3. Dual-agent ReAct Re-watching CoT Synthesis: Formalizing Evidence Retrieval
To ensure "visual faithfulness," reasoning chains must explicitly record where evidence was found and what was seen. The authors employ two agents: a Reasoner \(A_R\) producing thoughts \(T\) and actions \(Act\), and an Observer \(A_O\) executing actions on captions to return observations \(Obs\). At each step, \((T_t,Act_t)=A_R(H_{t-1})\) determines the next move based on history, and \(Obs_t=A_O(Act_t,C_{detail})\) retrieves information. Actions include segment_retrieval(query) to find event timestamps and segment_query(timestamp) for detailed descriptions. A key design choice: the Observer retrieves from high-fidelity captions instead of raw pixels, as the authors verified that Stage 1 captions are sufficiently granular to act as visual proxies, making synthesis more scalable. Trajectories \(T=\{(T_1,Act_1,Obs_1),\dots,(A_{final})\}\) are converted by \(M_{convert}\) into natural language CoT with <action>/<observation> tags for SFT and RL.

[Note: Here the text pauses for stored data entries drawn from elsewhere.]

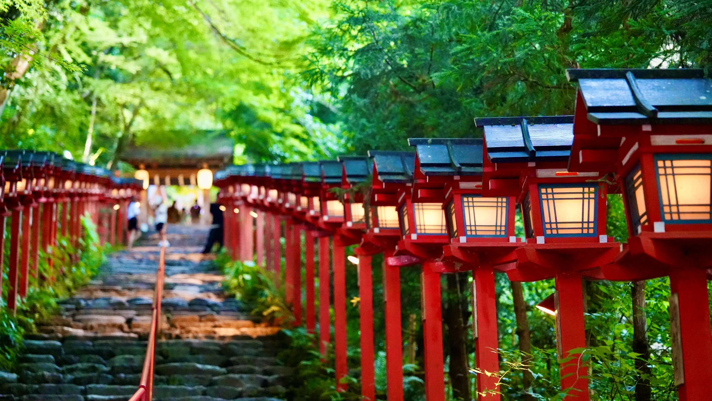 As evening arrives, Kifune Shrine illuminates with thousands of lanterns along its vermilion path, creating a magical setting.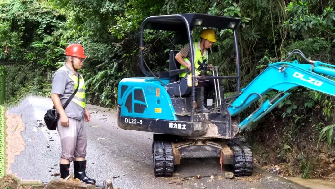 9:32,4公里路段山体继续出现塌方,2.5公里、6.2公里、7.7公里、8.4公里……一直到13公里路段均发生山体滑坡、塌方,部分路段路基被掏空,塌方险情多达23处。10:32,陆梅生带领东线公路管理科全体人员,在生产部统一协调下,着手安排机械设备到2.5公里塌方段清除淤泥障碍。陆梅生反复叮嘱施工人员一定要认真确认现场安全,时刻盯紧山体稳定状态,一旦有二次塌方的可能就立即撤离。同时,他指挥装载机加快清除各路段的淤泥,争取尽快移除险情。4公里路段首先抢通后,他与同事们又马不停蹄赶往6.2公里塌方段抢险,一班累了、二班顶上......一直坚持到夜间20:00,陆梅生才和抢修队伍撤离抢险现场。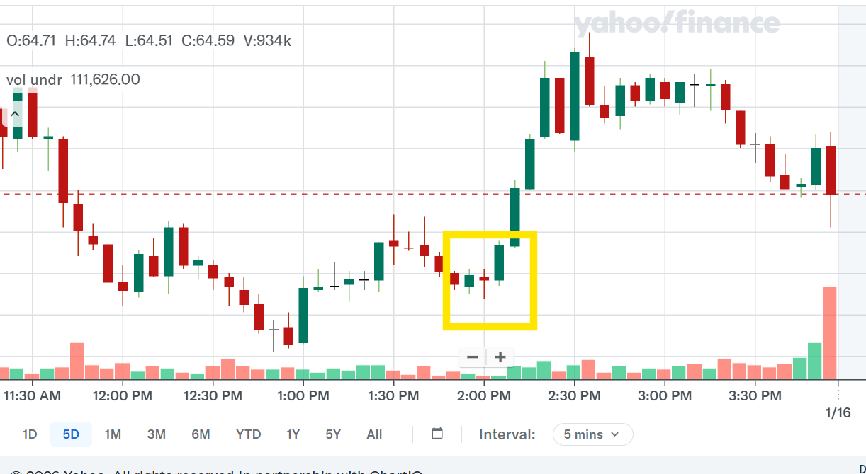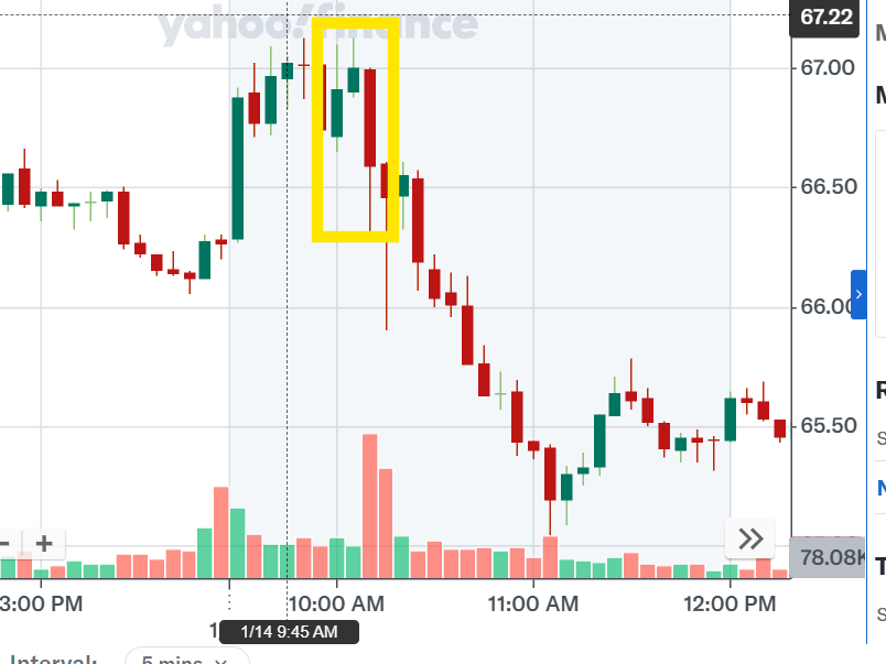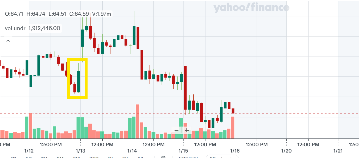 If we look at the zoomed in version of $NKE for January 14, we can notably tell that a bearish moment was approaching on January 15. I've highlighted the engulfing moment when it opened on the the 14th. At the same time, if I look at 5 days worth of price data, I can see that there is a support for ~$64.20 so I want to believe that it will not go lower than that. See the support highlighted below: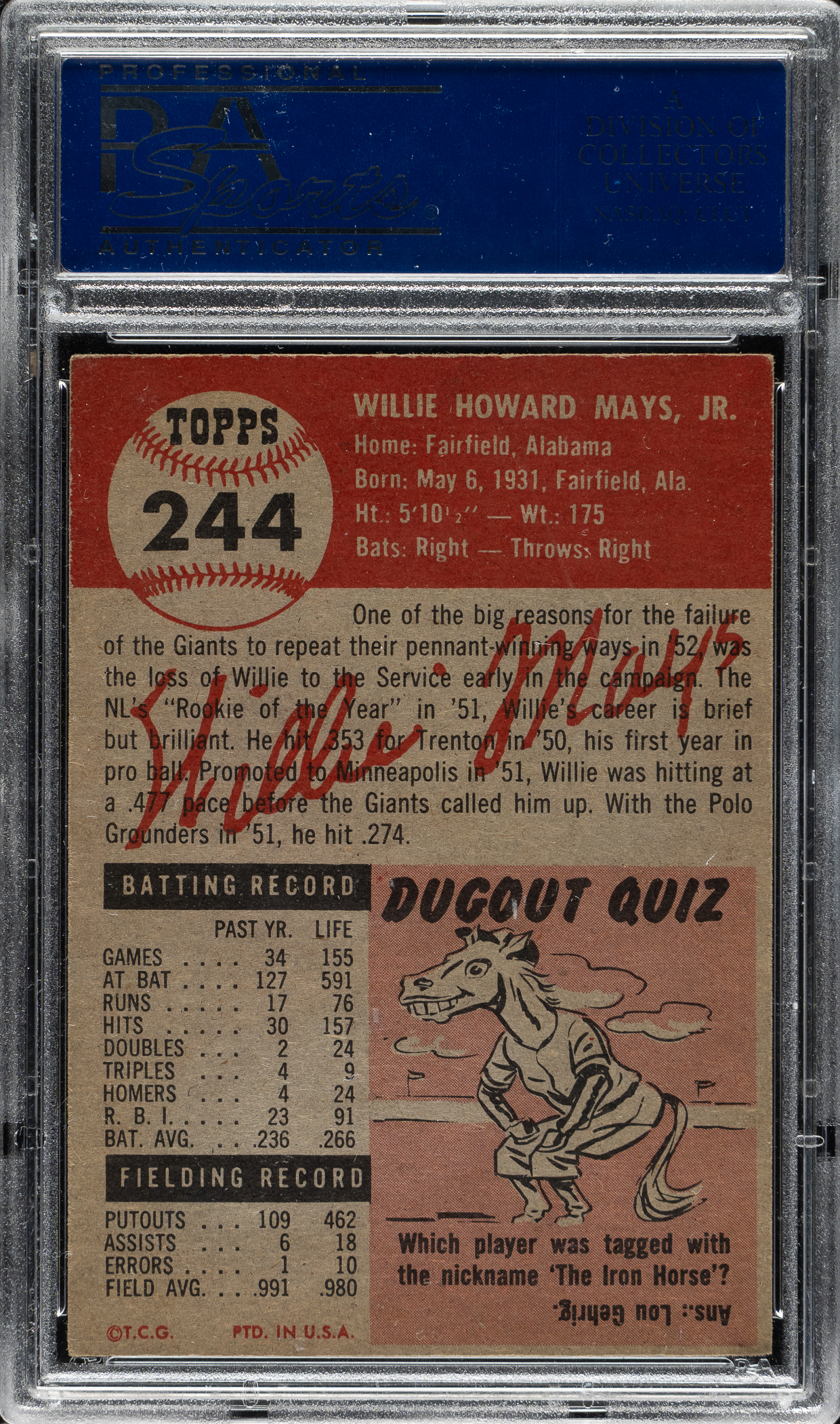 Graded EX 5 by PSA. 1953 Topps card #244 Willie Mays is one of the key cards of the 1950s, one of the most prized of all early Mays cards, and a key card in the 1953 Topps set. This example has bright colors, excellent registration, and light corner wear. Boldly printed reverse. This is a solid mid-grade example.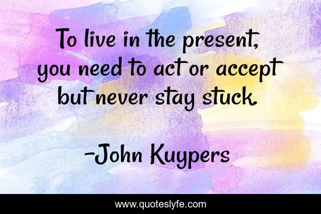 This page presents the quote "To live in the present, you need to act or accept but never stay stuck.". Author of this quote is John Kuypers. This quote is about living-in-the-present, present,.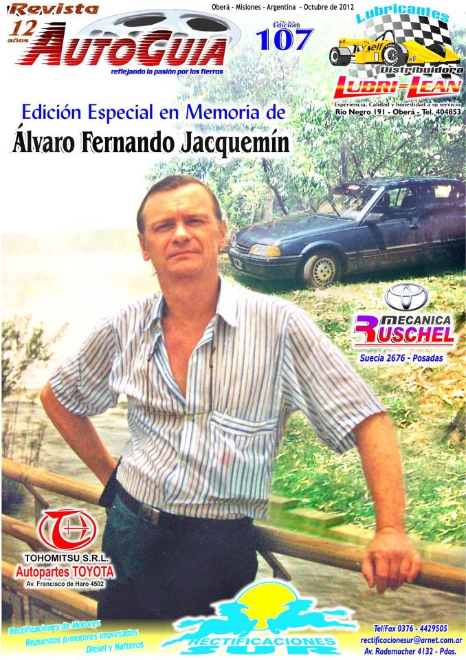 El próximo mes Autoguía cumplirá 13 años, pero no serán motivos de festejo. El 12 de agosto pasado, Álvaro Fernando Jacquemín, fundador y director de ésta revista encontró la mala fortuna de una terrible enfermedad descubierta muy tarde.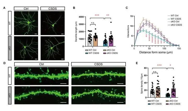 研究者使用rAAV-CamkIIα-FLP和rAAV-nEf1α-FDIO-EYFP(1:1)的混合病毒,对神经元稀疏标记,并进行神经元形态分析。结果显示,经过CSDS造模后,WT组小鼠的树突总长度发生显著的降低,而cKO小鼠则无明显的变化;CSDS后WT组小鼠的树突复杂程度发生了显著的降低,而cKO小鼠则无明显的变化。此外,研究者通过GCaMp6s病毒,在FIT实验中进行光纤钙信号记录神经元钙活动,两组小鼠与CD1鼠社交时神经元的钙信号无明显差别;然而经过10天CSDS后,对照组小鼠比进行造模前神经元钙活动显著降低,然而OGT敲除组小鼠比对照组小鼠表现出明显更高的钙活动。
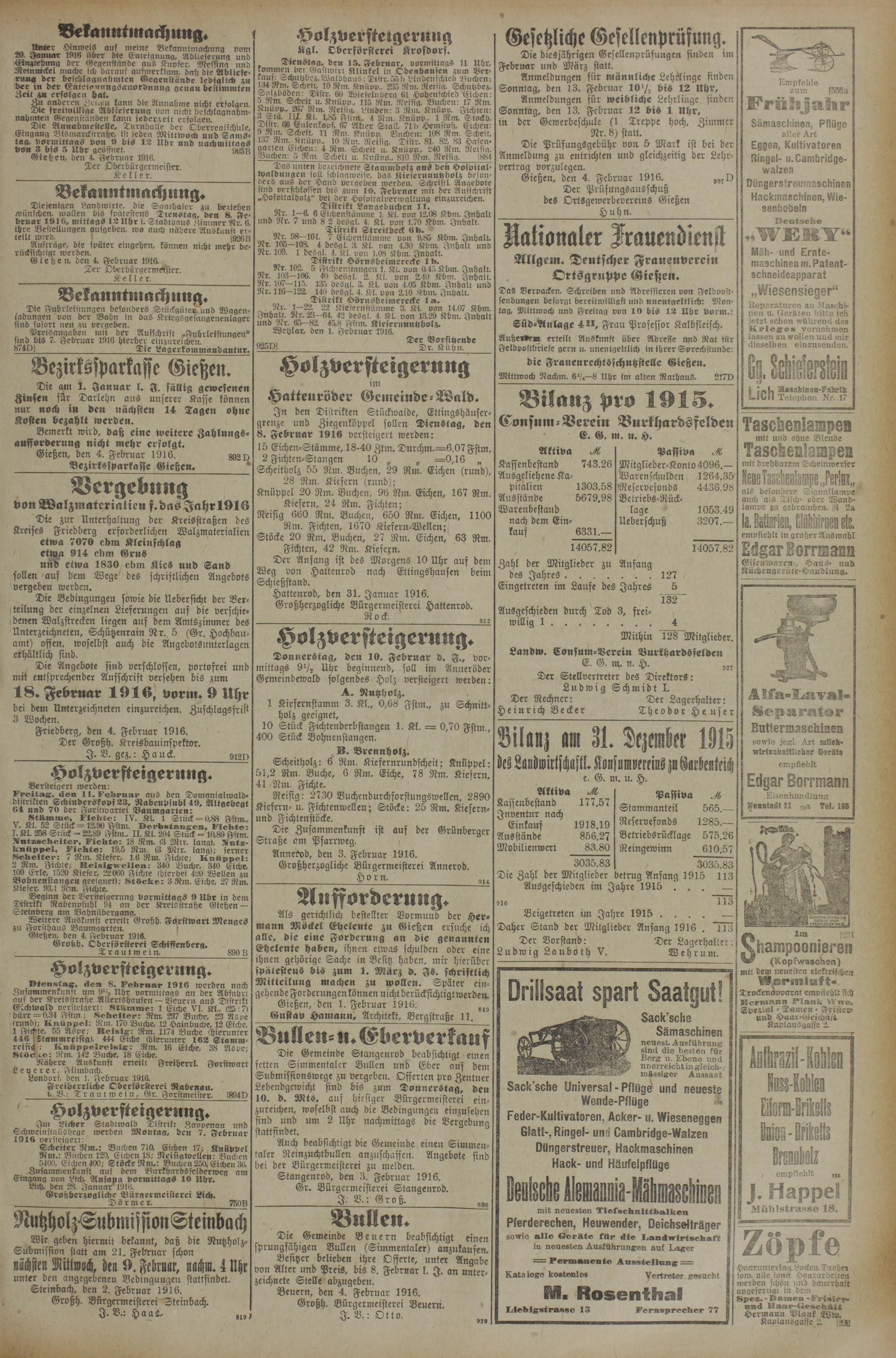 5.2.1916 Zweites Blatt
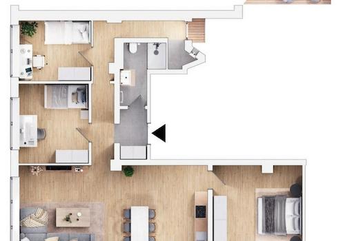 Die Wohnung beeindruckt mit großzügigen Raumhöhen, weiten Räumen und hochwertiger Ausstattung, wie Echtholzparkett, Fußbodenheizung, hochwertige Keramikgegenstände im Sanitärbereich, Videogegensprechanlage, 3-fach verglaste Fenster, eine vollständig regenerative Energieversorgung und vieles Mehr. 3 Schlafzimmer können vielseitig genutzt werden – zum Arbeiten, Schlafen, für die Kinder oder Gäste. Das Herzstück und Highlight ist der offene Wohn-, Ess- Kochbereich – eine Oase der Entspannung und des Lebens zugleich. Abgerundet wird dieses Schmuckstück durch eine gemütliche Terrasse im ruhigen Innenhof – hier lässt es sich nicht nur wohnen, sondern auch leben – ein Traum, den Sie sich verwirklichen können.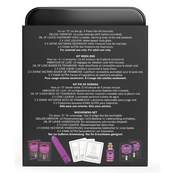 The all new Vibe Weekender Kit is here! Be ready for spontaneous fun with the perfect mix of Kama Sutra luxuries and a battery-powered mini vibe with 10 vibration settings. Perfect portions fit comfortably in a pocket, luggage, bag or purse for a weekend away or anytime the mood strikes.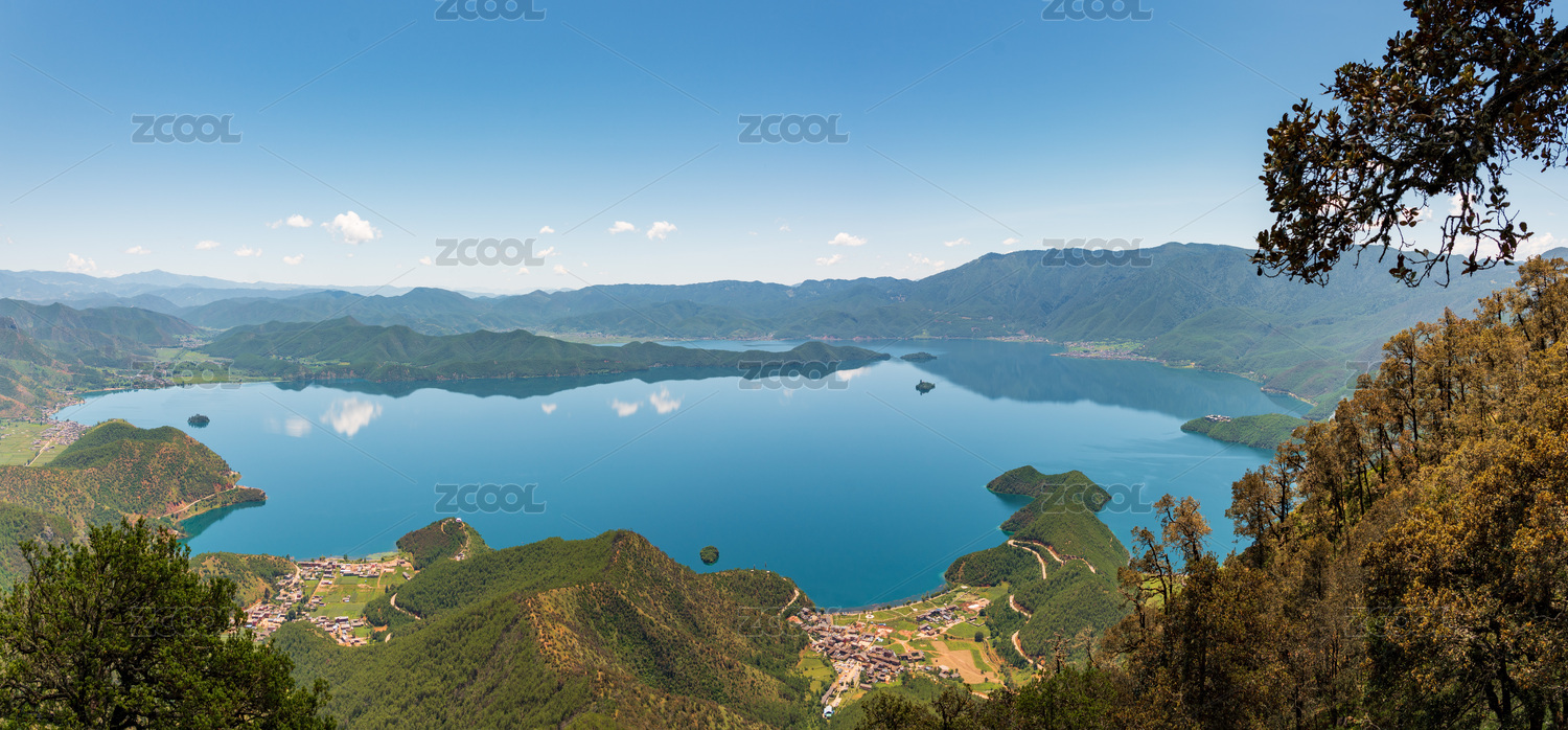 从高处远眺中国云南省丽江市蓝天白云下的泸沽湖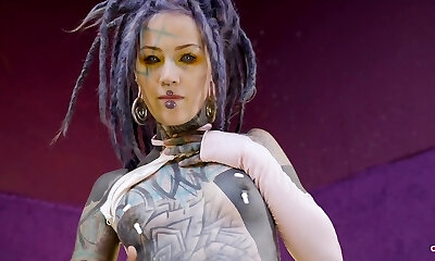 Tattoos and drilling with big tit blonde Evilyn Ink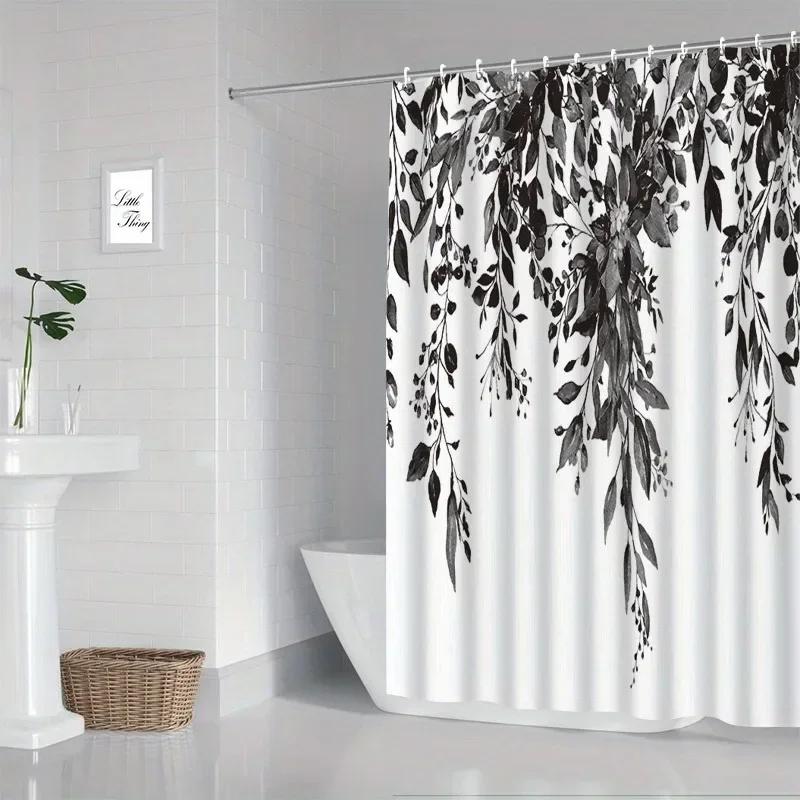 VIKAMA1 piece small fresh eucalyptus leaves digitally printed bathroom shower curtain set perforated strap hook easy to clean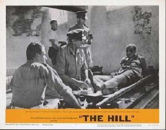It certainly is The Hill ( 1965 ). The two Sir's clue referred to Michael Redgrave and Sean Connery. Michael Redgrave was a Sir at the time and billed as such on the below quad poster. In my original posted image and the complete version I have now included he appears front and centre, with Sean lying on the bed. Sean Connery was knighted in 2000.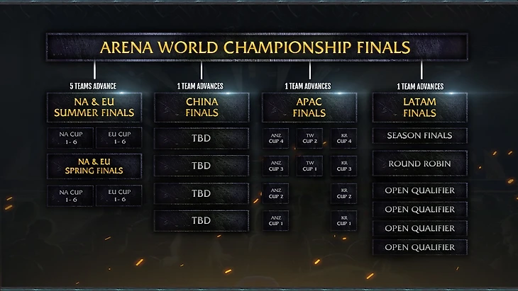 Арены предполагали ПВП сражения формата 2 на 2, 3 на 3 и 5 на 5. Самым перспективным и балансным вариантом оказался 3 на 3. Первый крупный турнир The World of Warcraft Arena Tournament состоялся в 2009 году, уже после выхода дополнения Wrath of the Lich King. На эти турниры могли регистрироваться любые команды, заплатив по 15 евро с человека. Их помещали в специальный игровой мир, где позволялось создавать персонажа максимального уровня и получить лучшие вещи для ПВП. В 2014 году соревнование реформировали в World Arena Championship, а попасть на турнир стало сложнее.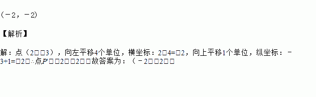 点P(2,-3)先向左平移4个单位长度,再向上平移1个单位长度,得到点P′的坐标是________.

4. Observation & Reasoning (O&R) Reward: Grounding Evidence and Logic
Using only accuracy \(r_{acc}=M_{judge}(A,A_{gt})\) allows models to guess correctly through hallucinations. The authors split process rewards into two components. Observation Reward: Parse trajectories \(\{Act_i,Obs_i\}_{i=1}^N=\text{Parse}(R)\) and compute \(r_{obs}=\text{mean}(\{M_{judge}(C_{detail},\{Act_i,Obs_i\})\}_{i=1}^N)\) to verify if observations are grounded in the video. Reasoning Reward: An LLM \(A_{ao}=M_{infer}(Q,\{Act_i,Obs_i\}_{i=1}^N)\) attempts to answer the question using only the provided actions and observations; \(r_{rea}=M_{judge}(A_{ao},A_{gt})\) measures if the gathered evidence is sufficient. The final reward: $\(r_{O\&R} = r_{acc}\times(1+r_{obs}+r_{rea})+r_{fmt}\)$ where \(r_{fmt}\) is a format reward. The multiplicative structure ensures process rewards only amplify the score when the answer is correct (\(r_{acc}=1\)), preventing high scores for "well-written but incorrect" chains.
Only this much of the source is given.